::: Data extract :::
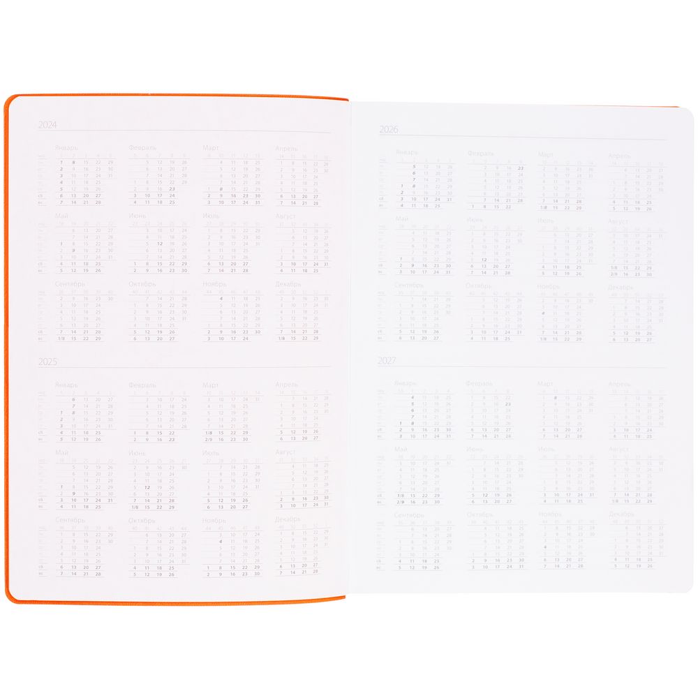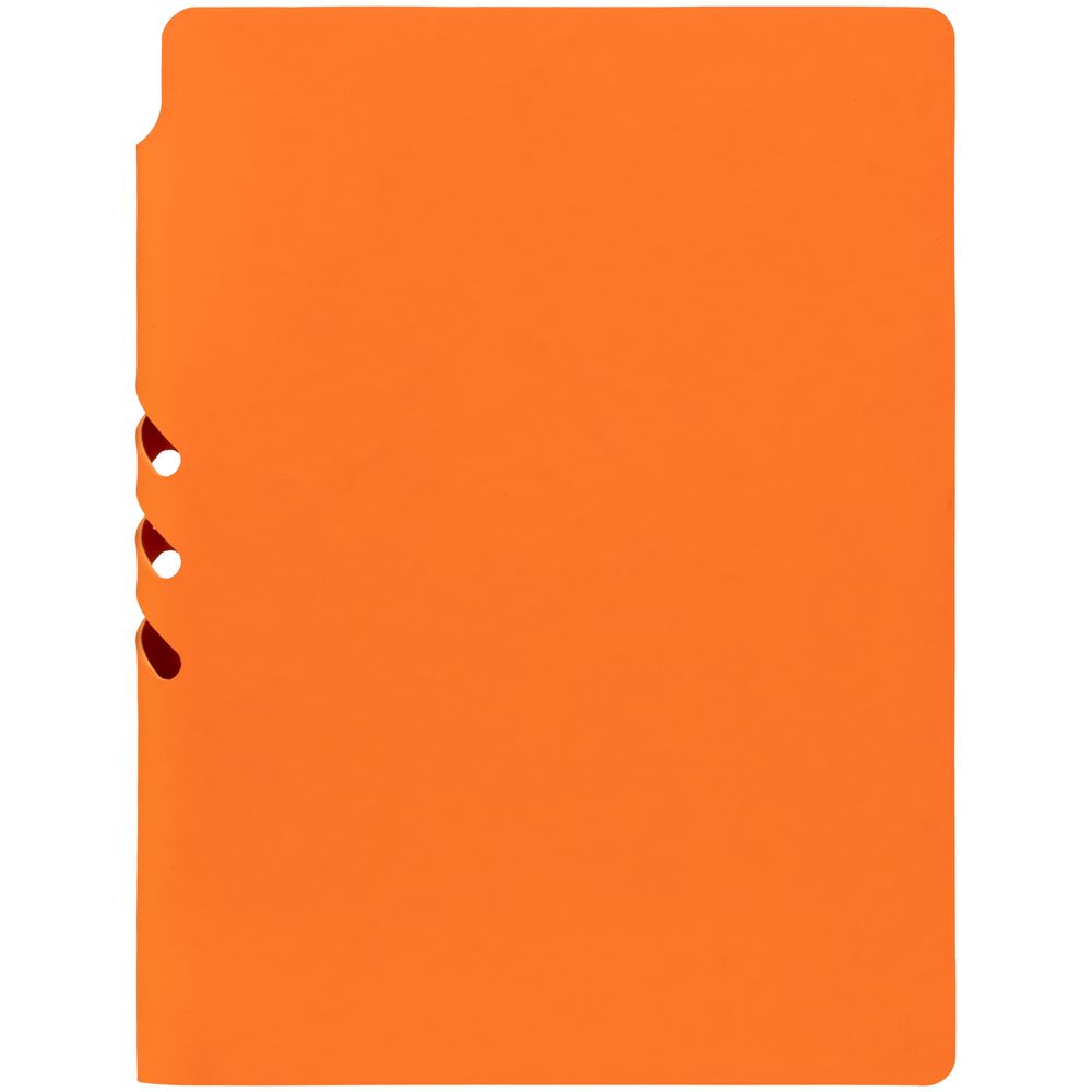 Гибкая обложка выполнена из материала Soft Touch, оранжевый OO и Latte, оранжевый OO (внутренняя часть обложки). Внутри корешка — специальное место для крепления ручки размером до 15х1 см.
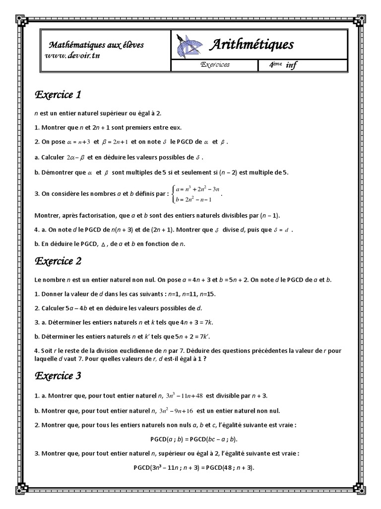 - Arithmetique 3Eme 1 Par Fayrouz Fichier Pdf . Où Et Sont Deux Entiers Naturels Strictement Positifs.
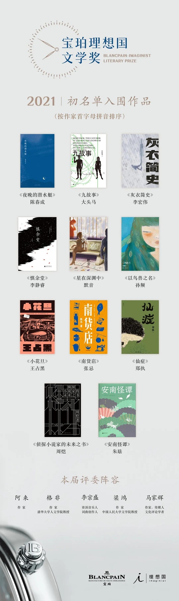 寶珀理想國文學獎由瑞士高級制表品牌BLANCPAIN寶珀與中國最具影響力的出版品牌理想國共同發起,是華語文學領域首個為發掘和鼓勵45周歲以下的優秀青年作家,由商業品牌與出版社聯合創立的獎項。寶珀理想國文學獎的設立,是為了讓大眾真正感受到“讀書,讓時間更有價值”。9月15日,文學獎評獎辦公室將依據評委多數表決出的作品,公布最終入圍決選名單的5部作品,敬請期待。
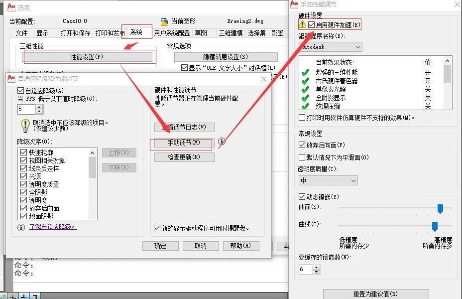 答:在命令行输入options,按下图设置:
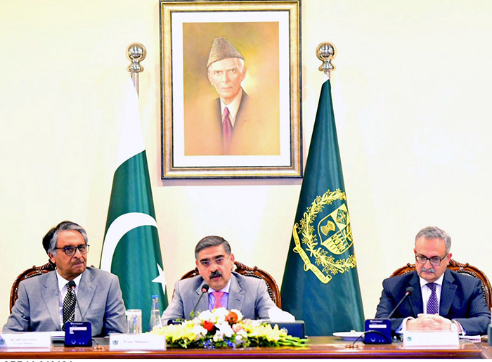Caretaker Prime Minister Anwaar-ul-Haq Kakar addresses the Envoys’ Conference.
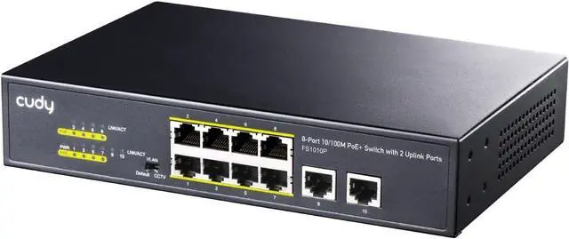 Next pageThis ItemCudy 8 Port PoE+ Switch with 2 Uplink Ports 120W, 8 10/100Mbps PoE+@120W, Extend/VLAN Mode, 802.3af, 802.3at Standard, Fanless, Watchdog, Plug and Play FS1010PRecommendationsPOE Gigabit Switch 12 Ports 1000Mbps Switches with 2 uplink & 2 SFP: TEROW 8-Port PoE Ethernet&10-Port Network with 2 SFP Module,120W,802.3af/at Compliant, Plug & Play, Metal Fanless with Shielded TP-Link TL-SG116P | 16 Port Gigabit PoE Switch | 16 PoE+ Ports @120W | Plug & Play | Extend, Priority & Isolation Mode | PoE Auto Recovery | Fanless | QoS & IGMP Snooping Reidubo 8 Port Gigabit PoE Switch with 2 Gigabit Uplink,1000Mbps PoE Ethernet Unmanaged Network Switch,120W, Plug & Play, VLAN, Suitable for Access Point-AP and PoE Surveillance Camera MokerLink 8 Port PoE Switch with 6 PoE+ Port, 2 Uplink, 100Mbps, 78W AI Detection IEEE802.3af/at, Fanless Metal Plug & Play Network Switch TP-Link LS108GP | 8 Port PoE Gigabit Ethernet Switch | 8 PoE+ Port @ 62W | Plug & Play | Extend Mode | PoE Auto Recovery | Desktop/Wall Mount | Silent Operation
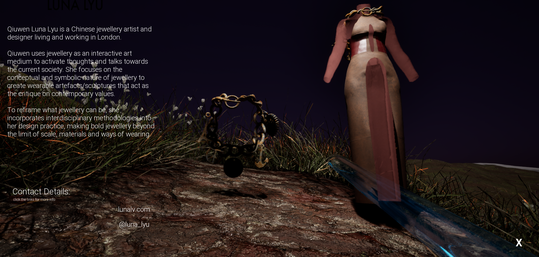 Second Coming is an immersive experiential project created in Unreal Engine, inspired by the Latin concept representing mankind’s spiritual source. The project reimagines the way we interact with jewellery and fashion, offering a deeper connection between designers, their creations, and the raw materials used. It immerses visitors in the conceptual world of inspiration, allowing them to explore the stories, cultures, and materials behind each piece, while emphasising the link between nature, culture, and craftsmanship. The experience challenges traditional retail by moving away from endless product pages, instead providing an engaging platform where visitors can inspect designs up close, learn about the creators, and understand the inspiration and ethics behind their work.
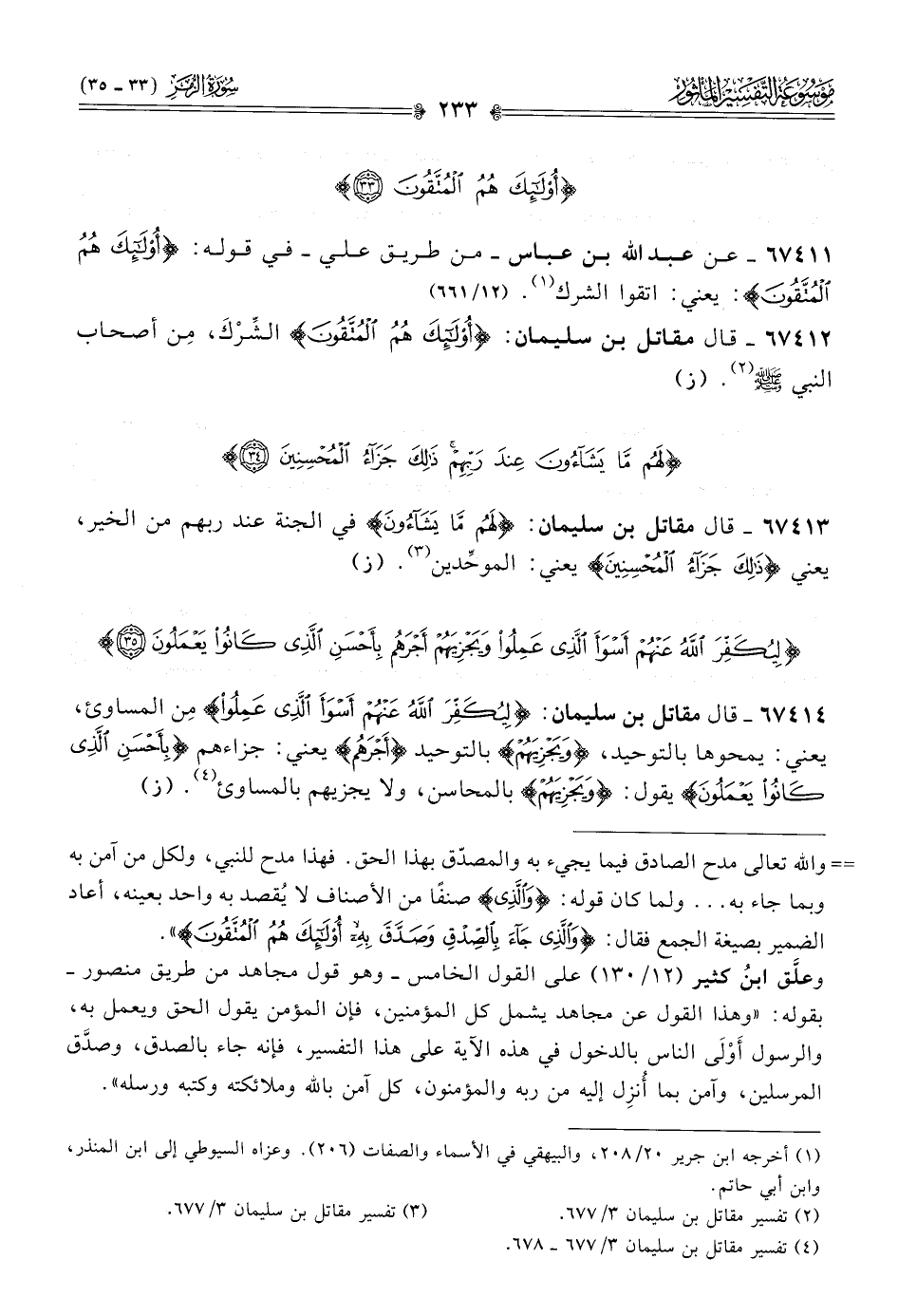 ٦٧٤١٣ - قال مقاتل بن سليمان: {لَهُمْ ما يَشاءُونَ} في الجنة عند ربهم من الخير، يعني {ذَلِكَ جَزاءُ المُحْسِنِينَ} يعني: الموحِّدين (¬٣). (ز)
:::
- **Task objective**: Retype the entries above exactly, starting at their first line and ending with the line that holds "Caretaker Prime Minister"; pictures stay out.

- **Result of the task**:
 Гибкая обложка выполнена из материала Soft Touch, оранжевый OO и Latte, оранжевый OO (внутренняя часть обложки). Внутри корешка — специальное место для крепления ручки размером до 15х1 см.
 - Arithmetique 3Eme 1 Par Fayrouz Fichier Pdf . Où Et Sont Deux Entiers Naturels Strictement Positifs.
 寶珀理想國文學獎由瑞士高級制表品牌BLANCPAIN寶珀與中國最具影響力的出版品牌理想國共同發起,是華語文學領域首個為發掘和鼓勵45周歲以下的優秀青年作家,由商業品牌與出版社聯合創立的獎項。寶珀理想國文學獎的設立,是為了讓大眾真正感受到“讀書,讓時間更有價值”。9月15日,文學獎評獎辦公室將依據評委多數表決出的作品,公布最終入圍決選名單的5部作品,敬請期待。
 答:在命令行输入options,按下图设置:
Caretaker Prime Minister Anwaar-ul-Haq Kakar addresses the Envoys’ Conference.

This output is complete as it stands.